===== Material for this exercise =====
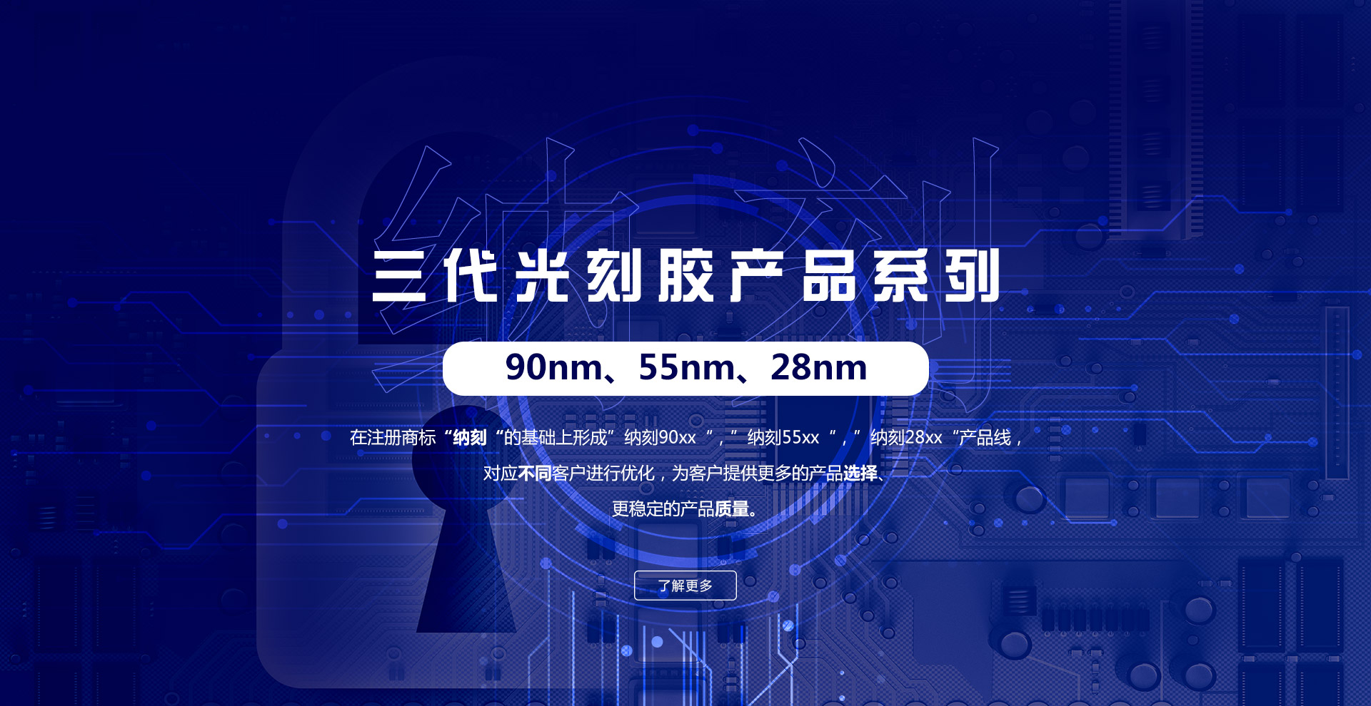 廣微納公司由曾任職國外知名半導體公司,具有15年光刻膠工藝、研發、質量管理和線上使用經驗的光刻膠專家創辦。技術骨干團隊在光刻膠以及原材料的合成配方、產品導入以及大規模量產等方面具有豐富的實際經驗,與行業國際先進水平接軌,為客戶提供定制化、差異化的高端半導體用光刻膠解決方案。
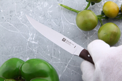 Все составляющие ножа тщательно обработаны, швы в местах соединения отшлифованы и незаметны. Это особенно важно с точки зрения гигиены. Ни на лезвии, ни на рукоятке нет неровностей, где может скапливаться грязь. Лезвие имеет отполированную поверхность, которую сначала шлифуют и зачищают – чем лучше отполирована поверхность лезвия, тем выше степень устойчивости к коррозии. Рукоятка и шейка спроектированы так, что возможность выскальзывания исключена. Эргономичный дизайн и оптимальный вес рукоятки обеспечивают безопасность и удобство в использовании.
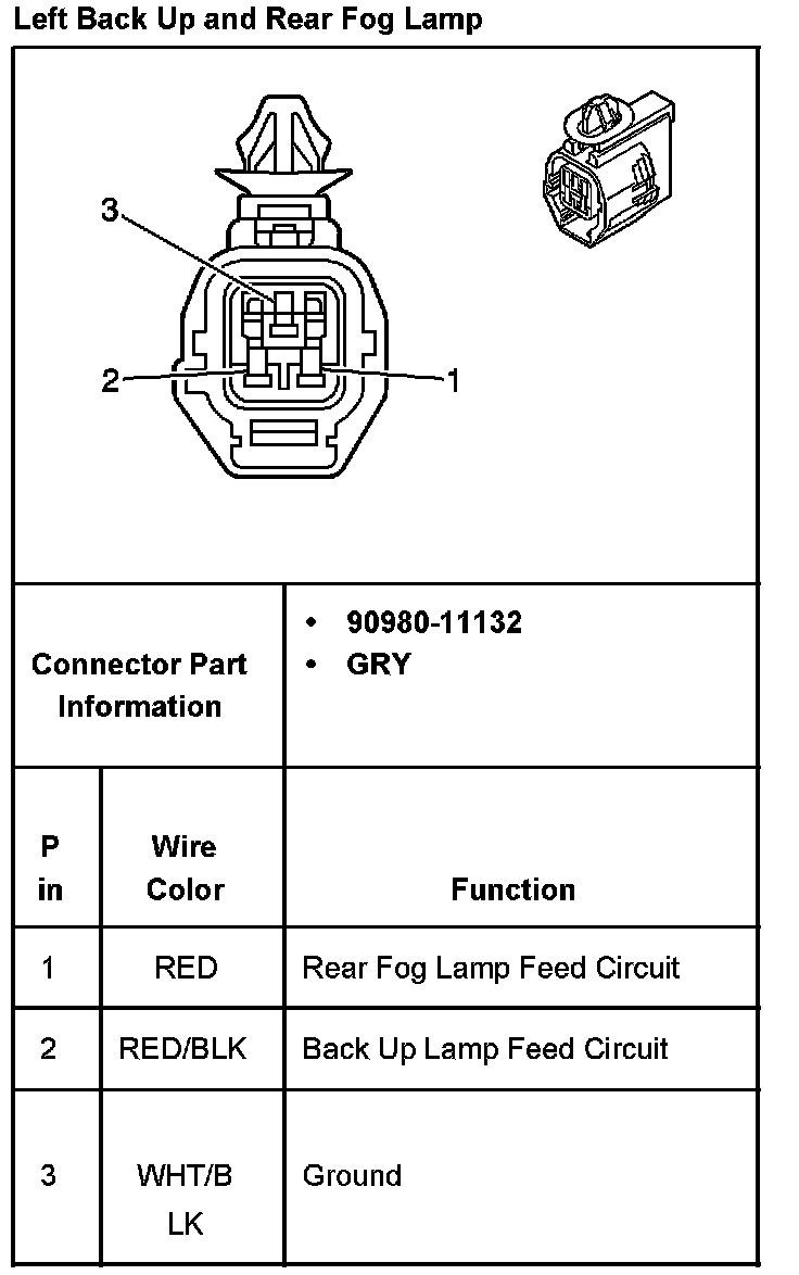 Left Back Up And Rear Fog Lamp:
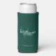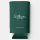 This can cooler features personalised groomsman's name in white classic script font style with wedding details in white classic serif font style and monogram in light emerald green classic serif font style as background, on emerald green background.
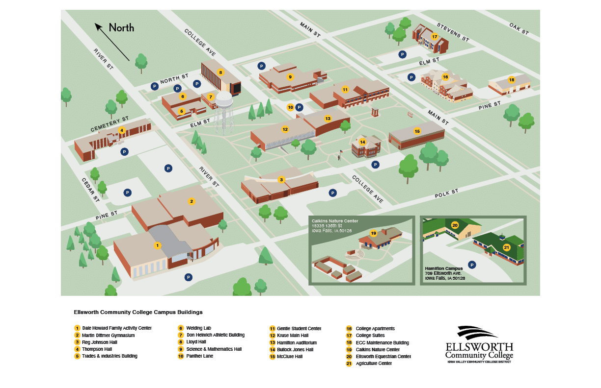 Ellsworth Community College is located at 1100 College Avenue in Iowa Falls, Iowa, in the heart of Iowa Falls (known as “The Scenic City”).
=====
* _Problem statement_
From the entries above, copy exactly the lines starting at the one with "Все составляющие ножа" and stopping at the one with "This can cooler", keeping both ends. Drop the pictures.

* _Response to this exercise_
 Все составляющие ножа тщательно обработаны, швы в местах соединения отшлифованы и незаметны. Это особенно важно с точки зрения гигиены. Ни на лезвии, ни на рукоятке нет неровностей, где может скапливаться грязь. Лезвие имеет отполированную поверхность, которую сначала шлифуют и зачищают – чем лучше отполирована поверхность лезвия, тем выше степень устойчивости к коррозии. Рукоятка и шейка спроектированы так, что возможность выскальзывания исключена. Эргономичный дизайн и оптимальный вес рукоятки обеспечивают безопасность и удобство в использовании.
 Left Back Up And Rear Fog Lamp:
 This can cooler features personalised groomsman's name in white classic script font style with wedding details in white classic serif font style and monogram in light emerald green classic serif font style as background, on emerald green background.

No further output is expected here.